**RECORDS SHOWN:**
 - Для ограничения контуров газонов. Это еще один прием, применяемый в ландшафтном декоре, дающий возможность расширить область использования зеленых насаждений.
* * *
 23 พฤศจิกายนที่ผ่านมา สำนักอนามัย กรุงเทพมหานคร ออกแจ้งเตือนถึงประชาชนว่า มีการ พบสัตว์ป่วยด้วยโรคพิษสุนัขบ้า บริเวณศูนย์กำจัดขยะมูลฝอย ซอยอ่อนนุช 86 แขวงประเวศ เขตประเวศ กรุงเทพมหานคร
* * *
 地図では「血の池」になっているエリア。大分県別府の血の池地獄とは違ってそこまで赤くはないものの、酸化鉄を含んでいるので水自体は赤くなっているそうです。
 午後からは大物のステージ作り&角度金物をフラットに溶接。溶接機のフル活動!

**ASSIGNMENT:** Retype word for word everything in the listing above from the line that holds "地図では「血の池」になってい" down to the line that holds "午後からは大物のステージ作り&角度金物をフラットに溶接。溶接機のフル活動!". Keep both end lines and leave out the rest.

**RESULT OF THE EXERCISE:**
 地図では「血の池」になっているエリア。大分県別府の血の池地獄とは違ってそこまで赤くはないものの、酸化鉄を含んでいるので水自体は赤くなっているそうです。
 午後からは大物のステージ作り&角度金物をフラットに溶接。溶接機のフル活動!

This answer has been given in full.